Business Ethics Case Study 500-700 words

PROMPT: Is It Ethical to Dump Toxic Waste in Countries That Allow It? Should a multinational company take advantage of another country’s lack of regulation or enforcement if it saves money to do so? A New York Times news correspondent reporting from Nigeria found a collection of steel drums stacked behind a village’s family living compound. In this mid-1990s case, ten thousand barrels of toxic waste had been dumped where children live, eat, and drink.

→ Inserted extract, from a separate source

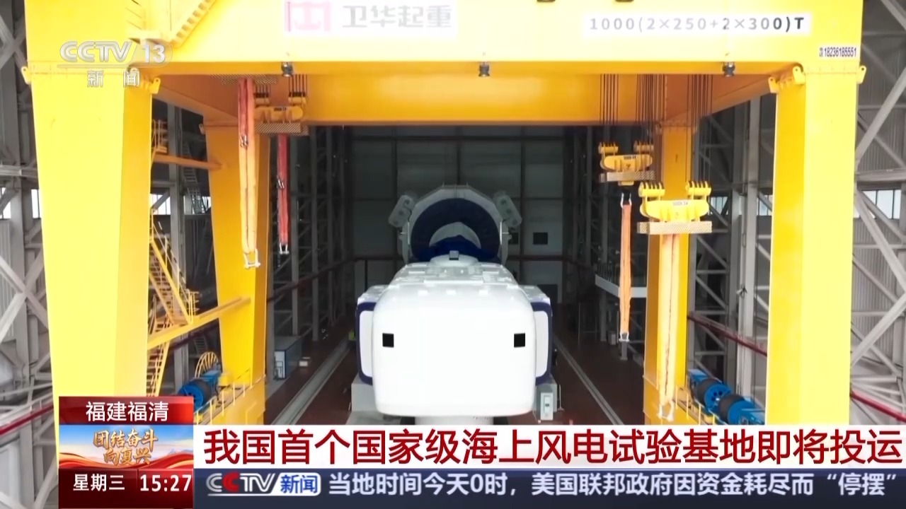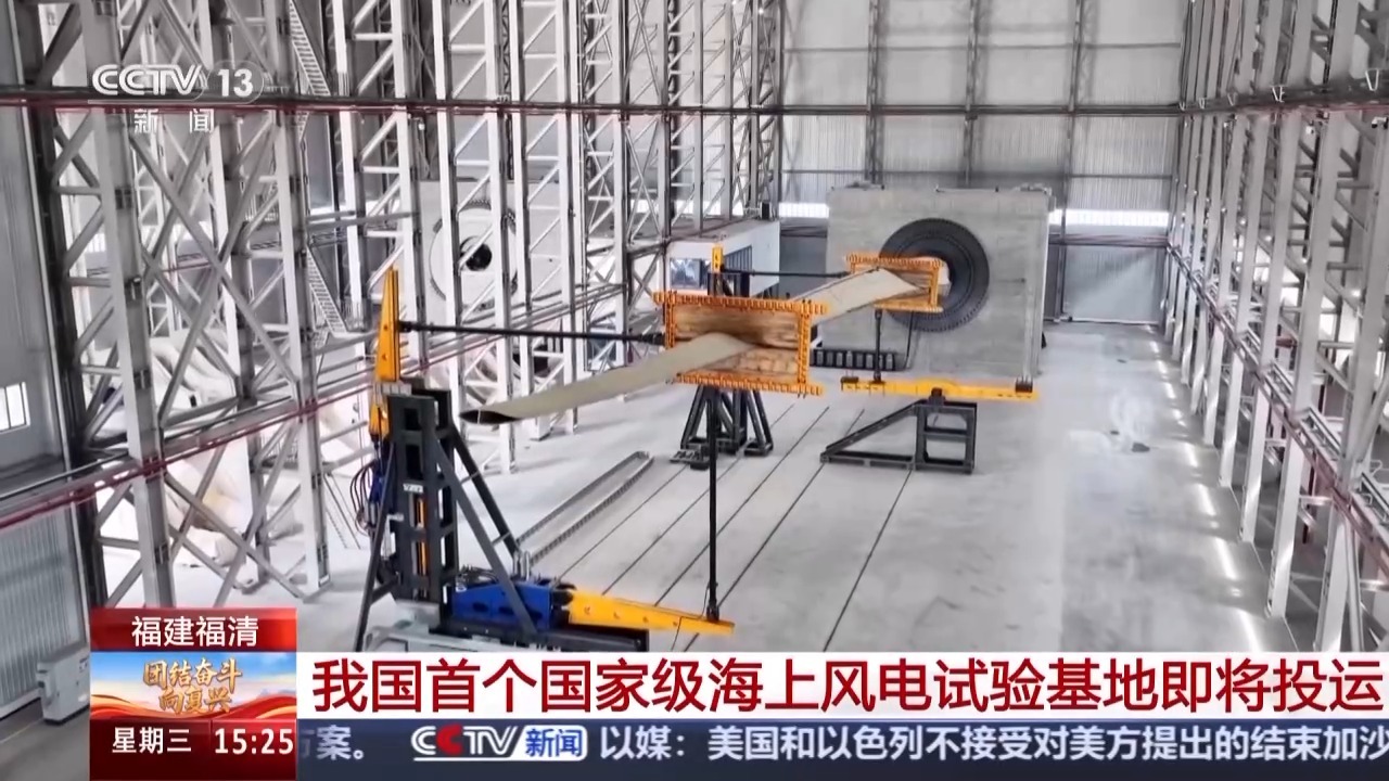 总台记者 黄珊:海上风电试验基地包括陆上检测中心和试验风电场两部分,陆上检测中心坐落于福清市的江阴产业园内,靠近江阴港码头,旁边是福建最大的风电产业园。整个陆上检测中心包含了叶片试验平台和传动链测试平台。

As safety and environmental hazard regulations in the United States and Europe have driven toxic waste disposal costs up to $3,000 per ton, toxic waste brokers are looking for the poorest nations with the weakest laws, often in West Africa, where the costs might be closer to $3 per ton. The companies in this incident were looking for cheap waste-dumping sites, and Nigeria agreed to take the toxic chemical waste without notifying local residents. Local people wearing shorts, t-shirts, and sandals unloaded barrels of polychlorinated biphenyls, placing them next to a residential area. Nigeria has often been near the top of the United Nations’ list of most corrupt nations, with government leaders cutting deals to line their own pockets while exposing their citizens to environmental hazards. A more recent example occurred in Côte d’Ivoire (Ivory Coast) in 2006, when residents discovered that hundreds of tons of “slops” (chemicals) from a foreign-owned ship had been dumped near Abidjan, the country’s commercial capital. The ship was owned by a multinational energy company named Trafigura. According to a report from Amnesty International, more than 100,000 residents were sickened, leading to fifteen deaths. Trafigura had illegally dumped the toxic waste in Côte d’Ivoire after searching for a disposal site in several other countries.

43 Critical Thinking

  • Should a U.S. or European company take advantage of a country’s weak approach to business and political ethics?
  • Would your answer change if your decision saved your company $1 million?